O Paraíso, a Ironia e o Destino. Histórias de uma história que se misturam ao longo desta minha história – parte 1

Faz agora um século que o Titanic, o maior navio de cruzeiros do mundo na época, embateu num iceberg. O transatlântico, que na época se considerava insubmergível, afundou a pique em menos de três horas, depois do seu casco se partir em dois. Mais de 1500 pessoas morreram.

Por estes dias, faz agora um século, o barco rumava ainda em águas tranquilas levando a bordo 885 membros da tripulação e 2.228 passageiros de todo o tipo e de todas as classes sociais, que de uma maneira ou de outra tinham embarcado com um propósito comum, a busca de um sonho. Para uns alcançar o Sonho Americano, para outros o sonho de participar numa viagem inesquecível, regada de champagne e bailes, a bordo do mais luxuoso paquete até então construído.

Faz dia 15 de Abril um século que esse sonho foi abruptamente arrancado a todas essas pessoas.
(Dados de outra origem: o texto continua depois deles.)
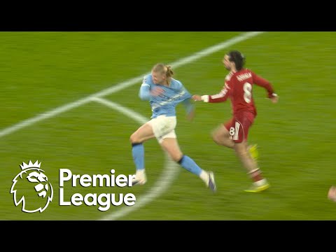 Rayan Cherki’s goal is disallowed for both Erling Haaland’s foul on Dominik Szoboszlai, and Szoboszlai’s foul on Haaland which VAR deemed to be a denial of an obvious goal-scoring opportunity. #NBCSports #PremierLeague #Liverpool #ManchesterCity
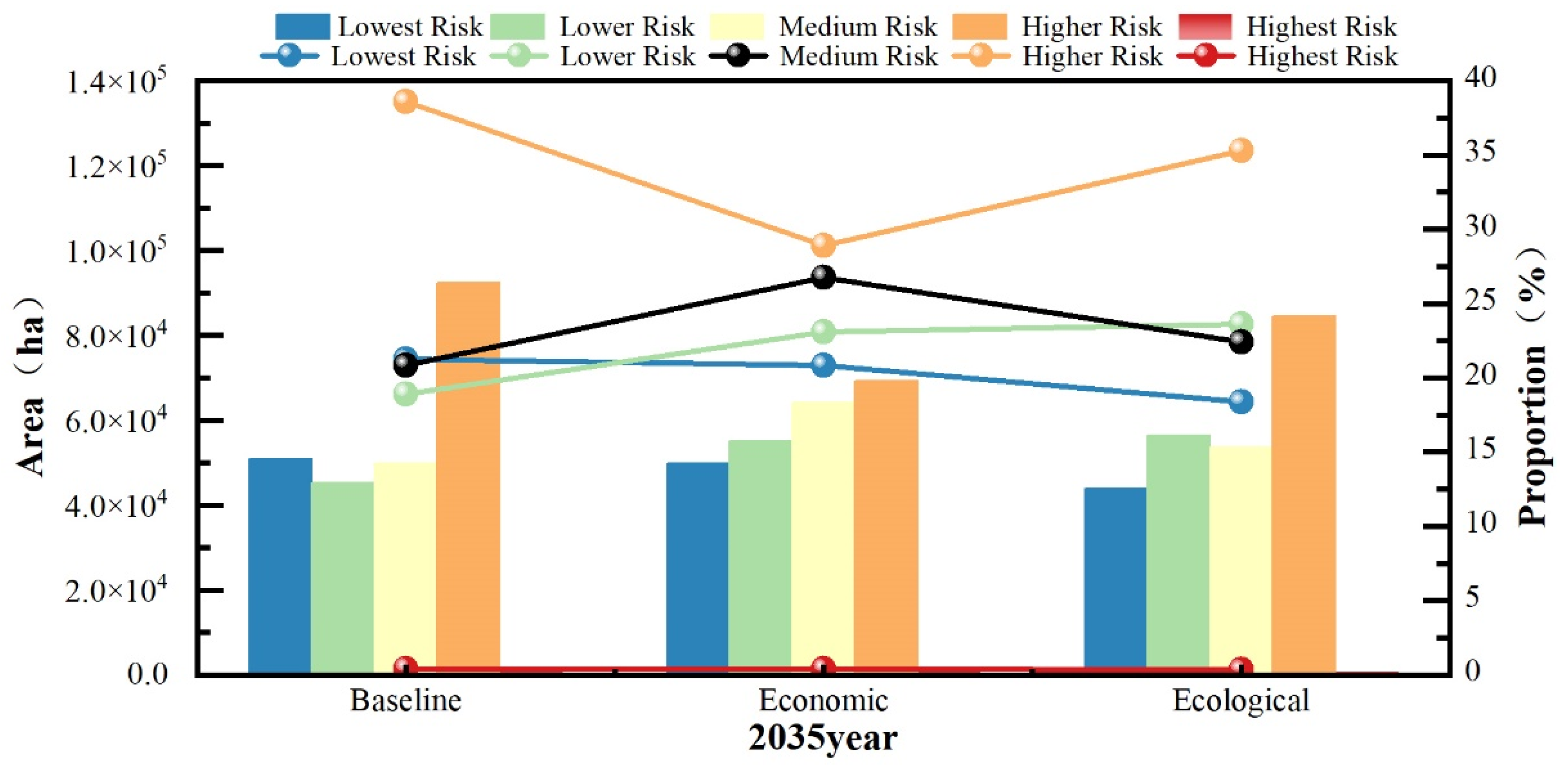 Figure 7. Statistical Proportion of Landscape Ecological Risk Levels in Zichang City under Different Scenarios for 2035.
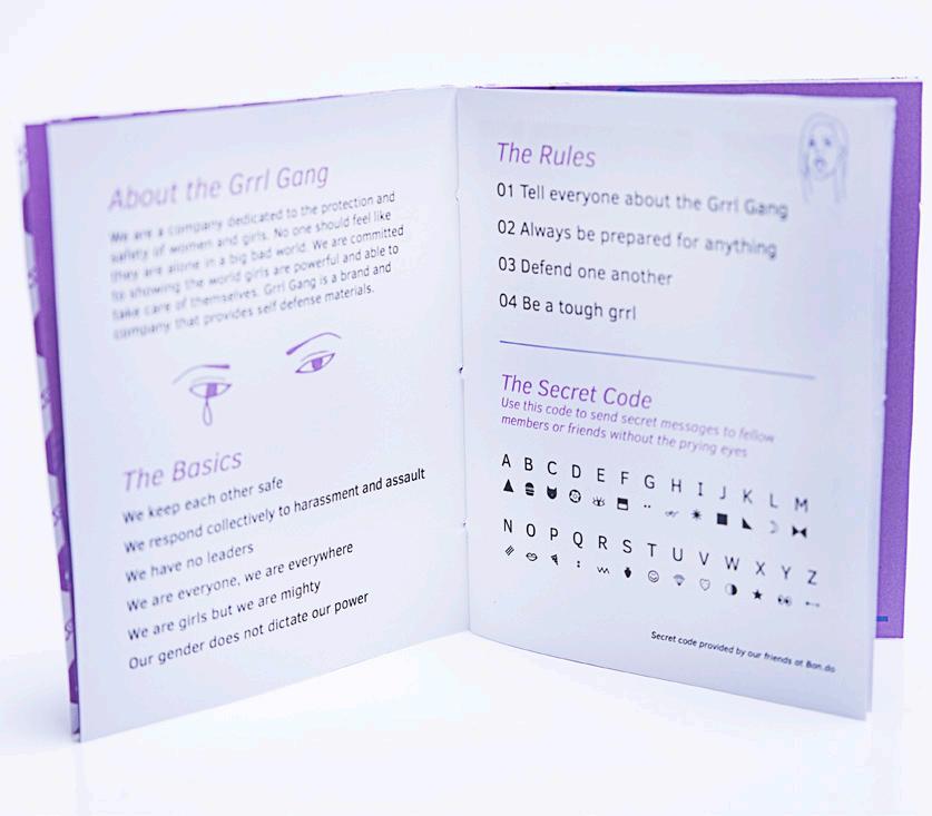 Through this project I was given the opportunity to design something which I have always been drawn to, girl power. As girls we are taught to always rely on others for safety. The modern girl doesn’t have time to be dependent on others. This kit and this company were created to provide girls and women with tools they can use to protect themselves. The name stems from a small subculture online which refers to itself as a girl gang where females give each other advice, support, and style tips. Another big component to the style and name of the brand is derived from the third wave feminist movement in the 90’s called Riot Grrrl.

Para marcar este centenário da tragédia correm pelo mundo uma série de homenagens e eventos. Um navio de cruzeiro, o MS Balmoral, o maior e mais novo barco da fred Olsen, está neste momento a seguir o itinerário original do navio; e, neste momento, a navegar nas mesmas águas onde há um século atrás ele navegava. Vai seguir passo a passo o seu itinerário e recordar o seu trágico percurso, terminando a viagem onde o Titanic a deveria terminar: em Nova Iorque.

A agência britânica Luxury and More Travel está a organizar expedições (a rondar os US$ 60.000) em cápsulas submarinas aos destroços do navio que jazem no fundo do mar, a 3.800 metros da superfície.

Várias cidades do Reino Unido farão exposições. Na Irlanda do Norte, em Belfast, onde o Titanic foi construído, um complexo chamado Titanic Quarter está a ganhar vida onde, e entre outros, um edifício está ser construído com as linhas do mítico navio e o mais completo museu sobre este transatlântico promete atrair mais turistas à cidade.

No cinema, o filme de James Cameron com Leonardo DiCaprio e Kate Winslet vai ganhar uma nova versão em 3D.

Mas, mais uma vez, “vestida” de Sheherazade lusa, e tal como no final de cada uma das Mil e uma Noites se escrevia: “Neste momento da narração, Shererazade viu despontar a manhã e, discreta como era, calou-se”. O mesmo vai acontecer comigo.

Mas não julguem que este post é mais interessante do que o que se segue na próxima história…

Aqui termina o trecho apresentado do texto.